Tutorial: SQL on CSV processor sandbox

This article demonstrates how to create a sandbox for SQL on CSV processor in your local environment:

  • When do you need it
  • TextQL and how to install it
  • Downloading the data
  • How to write and run the query

When do you need it

When you are creating a configuration for SQL on CSV processor and writing a relatively long query can be inconvenient. This is because the query field does not show the whole code and it is needed to run configuration to test a query each time. 

In this cases is possible to recreate the SQL on CSV processor environment locally and use it as a sandbox. 

This allows you to write queries locally, run and debug them without access to Meiro Integrations. 

Whenever ready, you will just need to copy-paste your code into the SQL on CSV processor configuration.

 

TextQL and how to install it

At the backend, SQL on CSV processor uses TextQL (allows to execute SQL queries against structured text like CSV).

  • MacOS

Use Homebrew and run the command brew install textql in a command-line interface.

  • Windows

Build it from source using Golang (you’ll need to install it first): run command go get -u github.com/dinedal/textql/….
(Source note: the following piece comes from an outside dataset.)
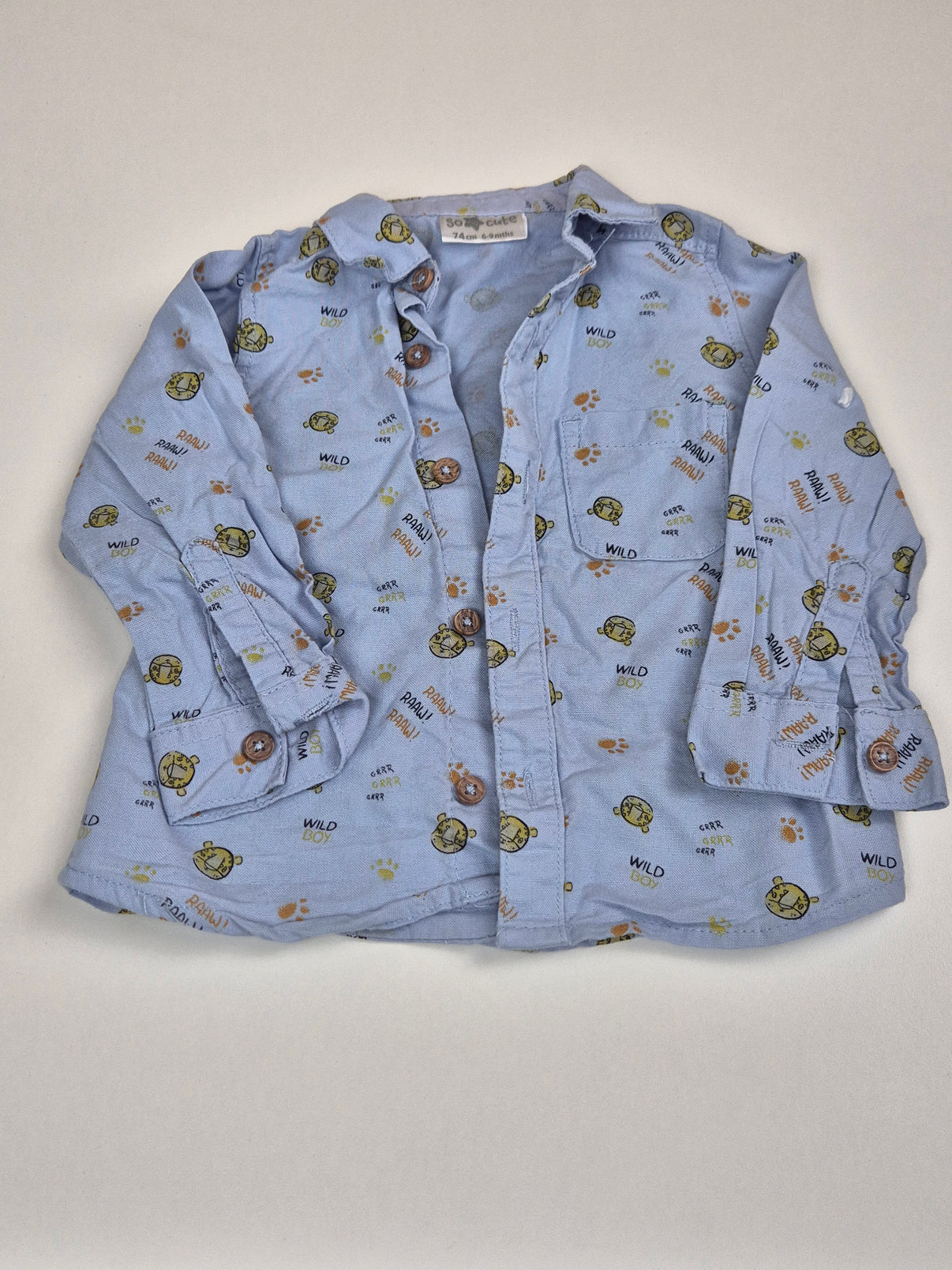 Roztomilá chlapecká košile Pepco ve velikosti 74 v jemném světle modrém odstínu, zdobená hravým potiskem lvíčků, stop, nápisů a malých motivů džungle. Lehký bavlněný materiál je příjemný na nošení a ideální na běžné dny, oslavy i focení. Košile má klasický límeček, přední kapsičku a zapínání na knoflíčky – snadno se obléká a vypadá skvěle i rozepnutá přes tričko. Perfektní kousek pro malé „wild boys“.

Otherwise, use windows subsystem with ubuntu and brew your textql installation!

 

For more details check TextQL documentation

 

Download the data

Download the data from the bucket Data Out and save to a folder on your device. 

 

Useful commands:

  • cat your_file.csv to show the content of the file.

Run it either from your working directory or use the relative or absolute path to your working directoryOtherwise, first, change the folder to your working directory using the command cd  which takes directory name as an argument and switches into that directory. After that, you can run the command cat without modifications.

cli-sandbox-1.png

  • head your_file.csv to show the first few lines of the file.

cli-sandbox-2.png

  • head -n 2 your_file.csv to show the first 2 lines of the file (change it to the other number of lines if needed).

cli-sandbox-3.png

Write and run the query in the command-line interface.

Using TextQL, you can write a SQL query in the command-line interface:

  • Count the number of rows in the table textql -sql "select count() from titanic" titanic.csv

cli-4.png

  • Count the number of rows in the table considering that the table has a header

    textql -header -sql "select count() from titanic" titanic.csv

cli-5.png

Be aware that the name of the table in the query should be written without extension: titanic (not titanic.csv).

 

  • To check all possible settings look at the documentation or simply run textql command.

cli-6.png

Write and save the query in the file

Writing and running queries in the command-line are convenient only in case of short and simple queries. 

For more complex queries is recommended to write query in a separate file, run it and then test it in a command-line environment.

To run the query as a bash script, the file should be with .sh extension and should start with #!/bin/sh. For writing the query you can use any code editor you like.

After saving the file in the same directory as your table (to simplify), run in the command-line interface bash scriptname.sh. The result will be shown as standard output or saved in the file depending on your script.

 

Examples

Below we are giving you a few examples of working with textql based on the Titanic dataset. To use them, download the dataset to your working directory.

Example 1

The simple query which counts the number of rows in the table with standard output.

1. Paste the following code into a file in the code editor:

#!/bin/sh
textql -header -output-header -sql "
select count(*) count_everything
from titanic
" titanic.csv

2. Save as query.sh at the same folder as the dataset (to simplify).

cli-7.png

3 Run bash query.sh in the command-line.

cli-8.png

Example 2

How to save the results of the query to the file.

1. Paste the following code into a file in the code editor:

#!/bin/sh
textql -header -output-header -output-file "output.csv" -sql "
select sex, survived, count(*) total
from titanic
group by sex, survived
" titanic.csv`

The argument -output-file from the code above allows you to save the results of the query in the file.

2. Save this code in a file as query.sh at the same folder as the dataset (to simplify).

cli-9.png

3. Run bash query.sh in command-line. There will be nothing in standard output as the results were saved in  the table output.csv.

cli-10.png

4. Check the output.csv file running the command cat output.csv.

cli-11.png


After writing and running the query, you simply need to copy-paste the SQL query to your SQL on CSV configuration and run the configuration.